第80話:「ありがとう」
王様はベッドの上に座っていた。上体は起こしていたが、丸まった背は、背後のクッションに持たれている。
この部屋に入る直前に、ジュリエット様から、陛下の容体は体の半分以上が動かず、しゃべることもままならない状態と聞いていた。
私たちが入ってきても、こちらに無反応な姿からも、その病態がよく分かる。
王妃様はそんな夫である王様に寄り添って生きている。その為、滅多に表に出なくなっていた。
確かに、たまに夜会でお見掛けするものの、殿下や妃殿下に任せ、引いていらっしゃることが多い。
部屋に入る前に私はジュリエット様に「ここで見ること、聞くことは、他言無用でお願い」と言われていた。
実際に見てしまうと、そういう理由かと納得する。
私は奥に控え、進み出たジュリエット様が王妃様に挨拶する。
王様は、妃殿下が抱える赤ん坊に気づき、じっと見つめていた。
(ああ、今日はご義両親に赤ん坊の顔を見せるために来たのね)
ジュリエット様が振り向き、私を手招きする。
近づくと、王様が眠るベッドの上に、赤子をジュリエット様が転がした。赤子が手足をぱたぱたさせころんと横になると、ベッドに座る王様をじっと見た。
うちの子は人見知りをする時期なので、抱っこしたままにしてもらった。王様をじっと見て、様子を伺っている。
好々爺のように王様は潤んだ目を向けてくださる。
王妃様がベッドの赤子を抱き上げると、王様のそばに寄せた。王様が辛うじて動く片腕を動かし、赤子に手をかざすと、赤子はその指を掴んだ。
王様の瞳はより一層潤み、今にも涙がこぼれそうであった。
「時々、二人をここに連れて来て遊ばせたいと思っているのよ」
ジュリエット様は、そうぽつりとつぶやいた。
それからたびたび赤子を連れて訪ねるようになった。王様と王妃様は赤子を歓迎し、二人を楽しげに見つめる。
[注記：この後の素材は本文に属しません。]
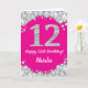Feliz 12º cumpleaños, tarjeta Purpurina Plata y Rosa Caliente con nombre personalizado. Para una mayor personalización, haga clic en el botón "Personalizar" y utilice nuestra herramienta de diseño para modificar esta plantilla.

まるで赤子と触れ合うことが、王様の気力が回復する一助になっているかのようであった。
出産から約一年後。
二人の赤ん坊も大きくなり、はいはいしたり、歩いたりと動きが激しくなっていった。
追いかけることも増えるし、目を離せないことも増えた。
こんなにも小さな子を育てるのが大変なのかと思い知る。
なりふり構わず、子どもが寝れば私も寝て、子どもが起きれば、私も起きる生活をしていた。
子ども中心の生活にへとへとだ。
そんな忙殺される日常のなかであっても世情は動く。
今日は夜会が開かれる日だ。
私とジュリエット様は、産後初めて参加することにしていた。
二人が慣れている侍女に子どもを見ていてもらい、ちょっとだけ華やいだ空気を吸いに行くだけの気分転換である。
もちろん、私も護衛騎士ではなく、フレディの伴侶としてドレスを着て参加する。
ドレスに着替えていると、子ども二人、なにをしているんだろうとベビーベッドからじっと見て、目を離さない。
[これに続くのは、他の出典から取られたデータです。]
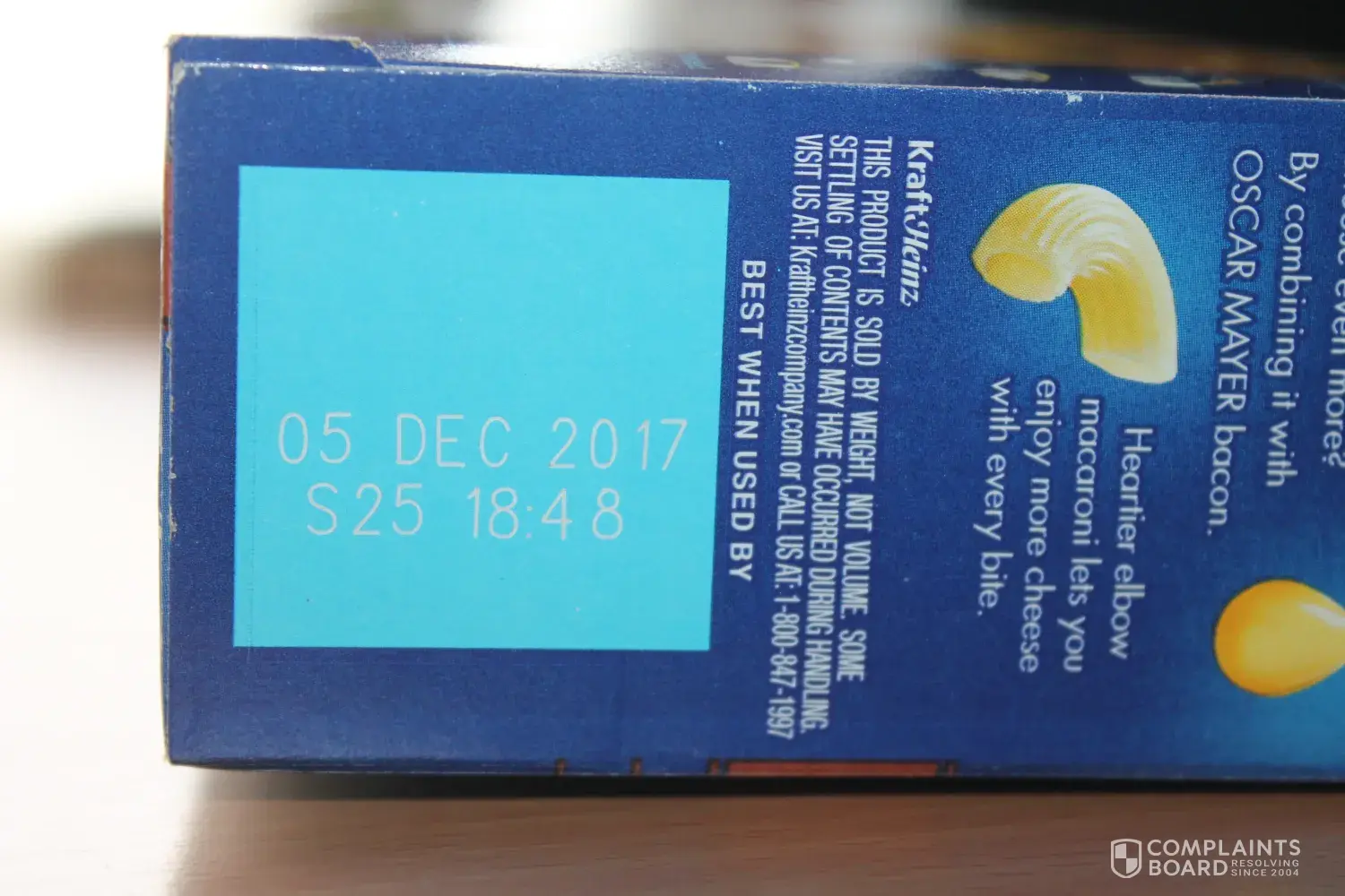 I recently bought two packages of this macaroni and cheese from a Walmart here in Rochester Hills Michigan- The container of bacon bits in each one was moldy- Package had sell by date of 05 dec 2017 (s25 1848) The first package I threw out thinking it was just a fluke but when I got the 2nd package and it was moldy as well I knew there was an issue. My wife and I have always bought Kraft and have never had an issue. I'd like to be reimbursed for these 2 boxes.

着替え終えるまで、瞬きもしていないのではないかと思うほどだった。
殿下とフレディが一緒に私たちを迎えに来た。
殿下と妃殿下は、挨拶もあるため、急いで部屋を出ていく
ただの参加者である私とフレディは二人を見送り、向き合った。
「ドレスを着るのも久しぶりよ。体形が変わっていなくて良かったわ」
「良く似合っているよ。それは、俺が最初にあげたドレスだね」
「新しく新調する余裕もないし、あるものと思ったら、これしかなかったの。まだ夜会では着ていないから、丁度いい使い回しよ」
「いいんじゃない。何度も、着てくれるのも嬉しいものだよ」
「そう言ってくれると嬉しいわ」
子どもたちが、ベビーベッドから、私たちを変なものを見るような顔で見ている。
ばいばい、行ってきます。そう、思って手を振って、部屋を出た。
つられて小さな手を振る姿は可愛かった。
私とフレディは会場の隅に立った。
殿下と妃殿下は、正面で全体に向け挨拶する。
挨拶が終われば、楽団が曲を奏で、中央部で人が踊りだす。
「踊ろうか?」
「うん。そう言えば、初めてよね」
「そうだね」
一人目の妊娠まで忙しく、こういう華やいだ場とは疎遠であったことを思い出す。私も仕事をし、彼もまた試験に仕事にと忙しかった。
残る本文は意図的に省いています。